The high temporal resolution (107 data points per 20 ms window) ensures that even rapid transient events are well resolved. Each binary file is accompanied by metadata encoded in the file name, which includes the fault type and sample number, allowing for efficient grouping and analysis. The controlled acquisition environment and the consistent measurement methodology render the dataset ideal for developing and validating machine learning models for non-invasive fault detection in power distribution networks.
Technical Validation
The quality, reliability, and fidelity of the dataset were verified through a multi-stage workflow. This process combined hardware and signal-integrity checks, descriptive statistics, low-level feature exploration, and feature-space visualisation. These validation steps not only confirm the dataset’s integrity but also illuminate the inherent complexities in differentiating discharge types, thereby underscoring the need for advanced machine learning techniques. In what follows, we revisit each validation step, contrasting the two antennas (C1 and C2) where applicable and elaborating on the implications for machine-learning research.

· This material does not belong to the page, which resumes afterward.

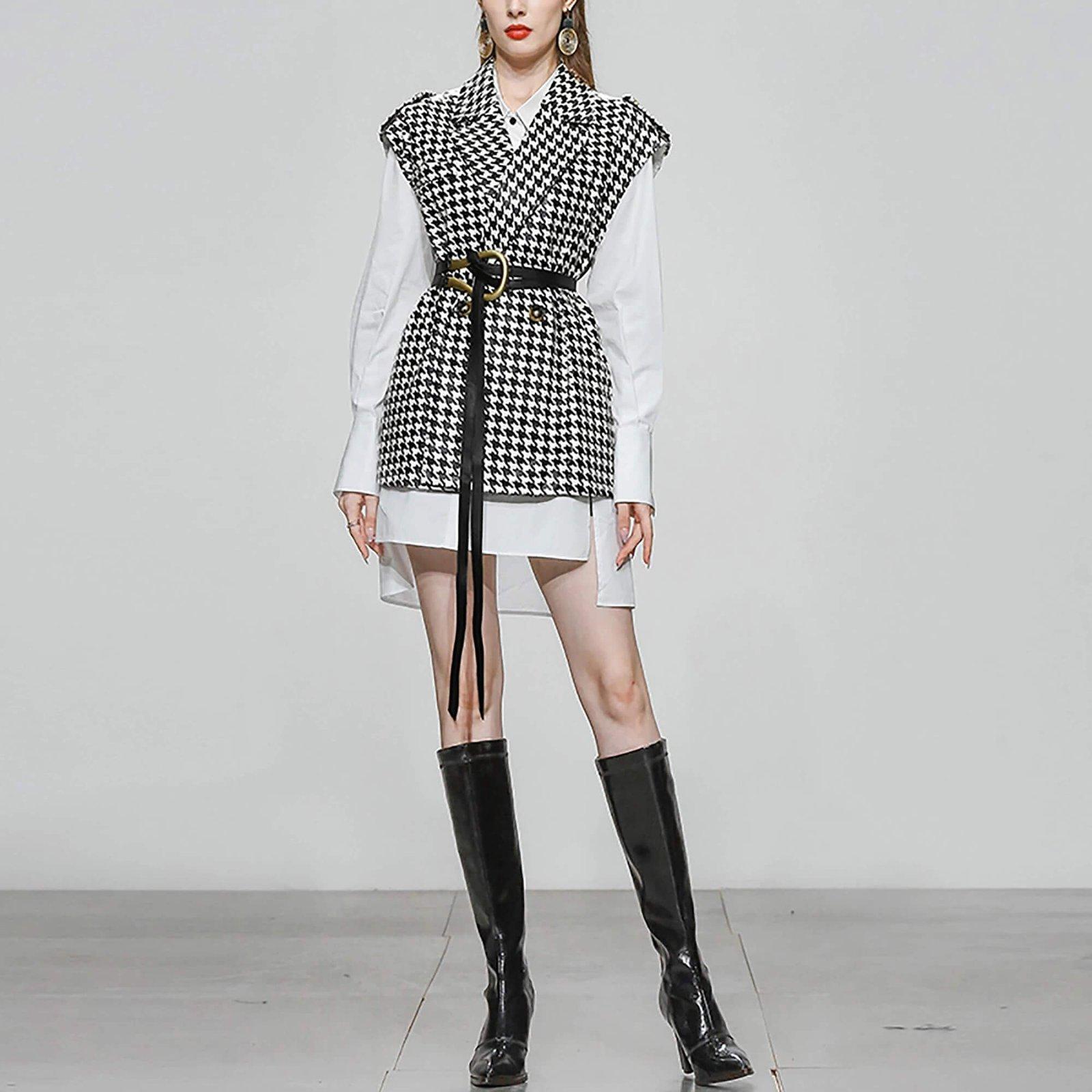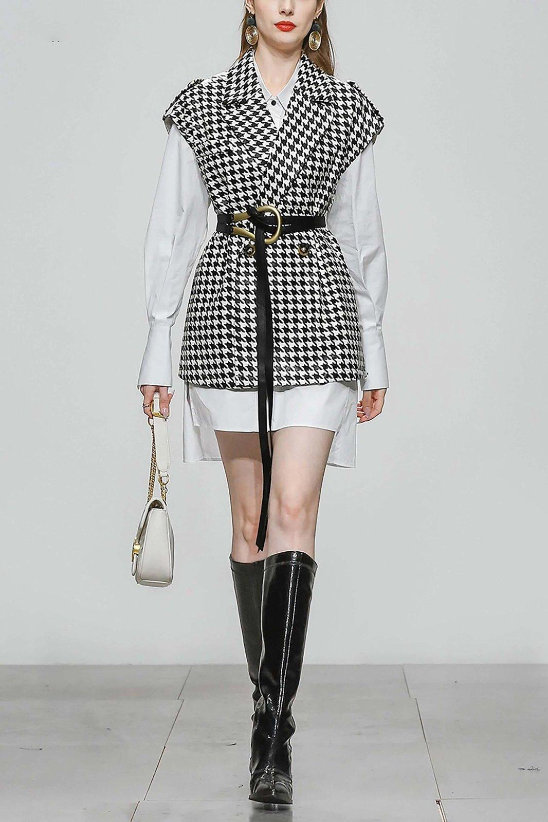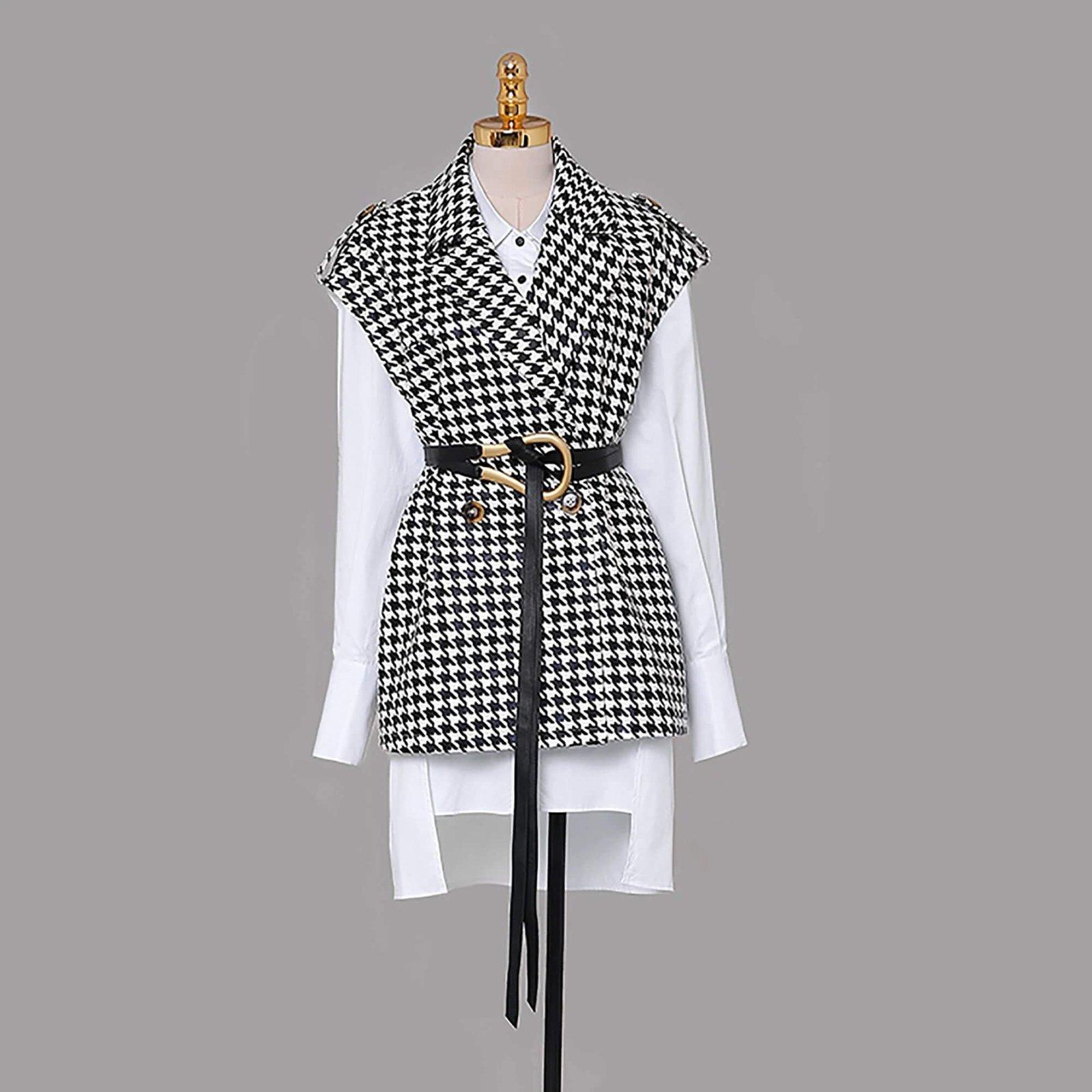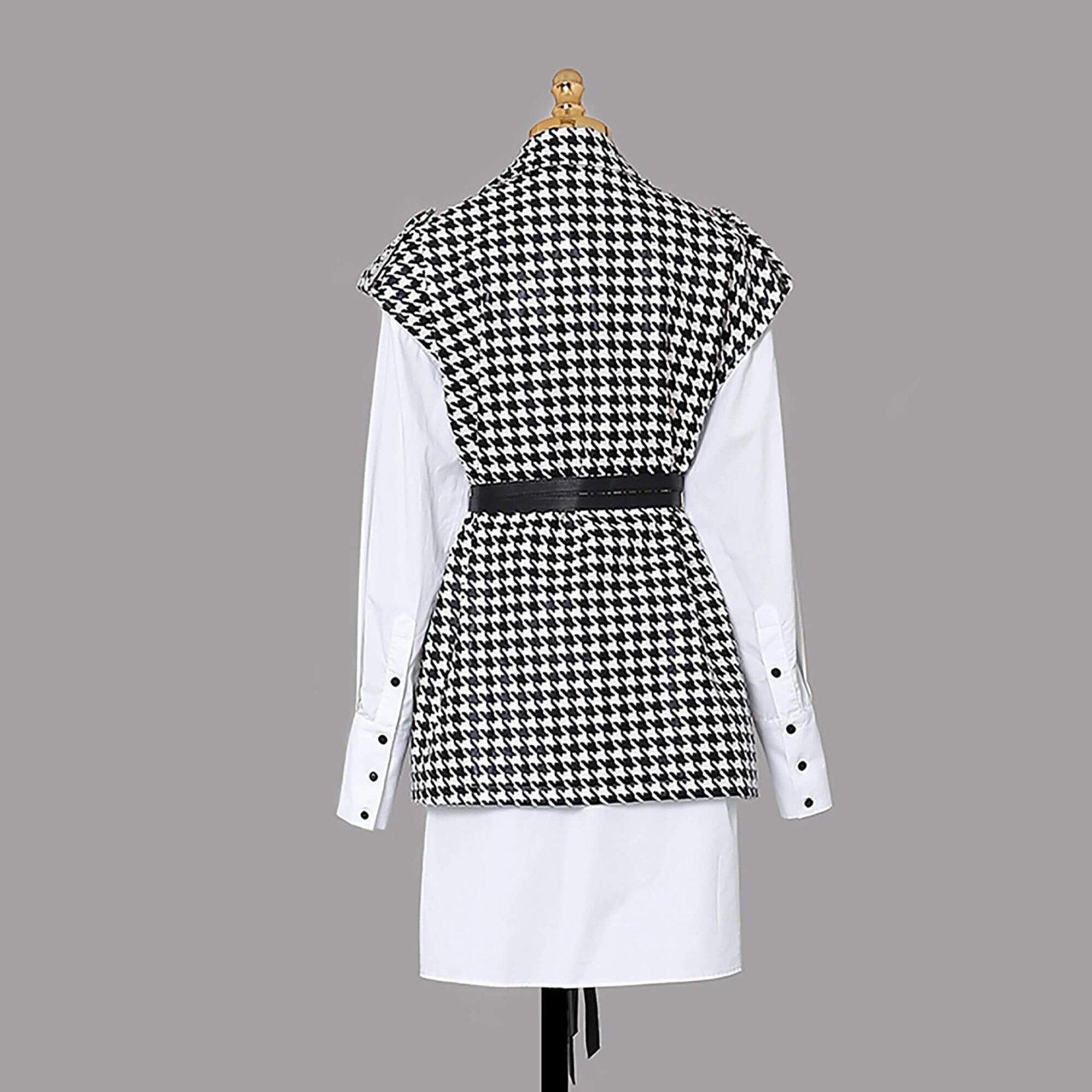 Houndstooth Vest & Long White Blouse Two-Piece Set

The quality and reliability of the dataset were verified through a multi-stage workflow that combines signal-integrity checks, descriptive statistics, and low-level feature exploration (Figs. 19–23).
Mean amplitude range (ΔV) for each fault class and antenna channel. Error bars denote ± 1 SD.
Box-plot of ΔV (Channel C1), highlighting tight intra-class dispersion and clear inter-class separation.
Scatter of mean vs. standard deviation for all 800 samples (both channels). Each fault class forms a distinct cluster.
Amplitude range vs. standard deviation; a two-feature space already yields orthogonal clusters.
Pearson correlation matrix of the five summary statistics, guiding feature-set reduction.
Signal-integrity checks
The converter scripts (extractor.py, convertor.py) include channel-specific voltage-scale and offset parameters. A 20-MHz time-base was re-calibrated against a reference oscilloscope before every session. Visual inspection of the 20 ms traces confirms that each partial-discharge (PD) event appears as a sharp high-frequency transient, whereas corona activity manifests as a slower envelope. No evidence of clipping or dropped samples was detected across ~ 34, 000 traces examined. The raw waveforms therefore constitute a trustworthy starting point for end-to-end time-series pipelines (e.g., sequence models or learned spectrogram front-ends).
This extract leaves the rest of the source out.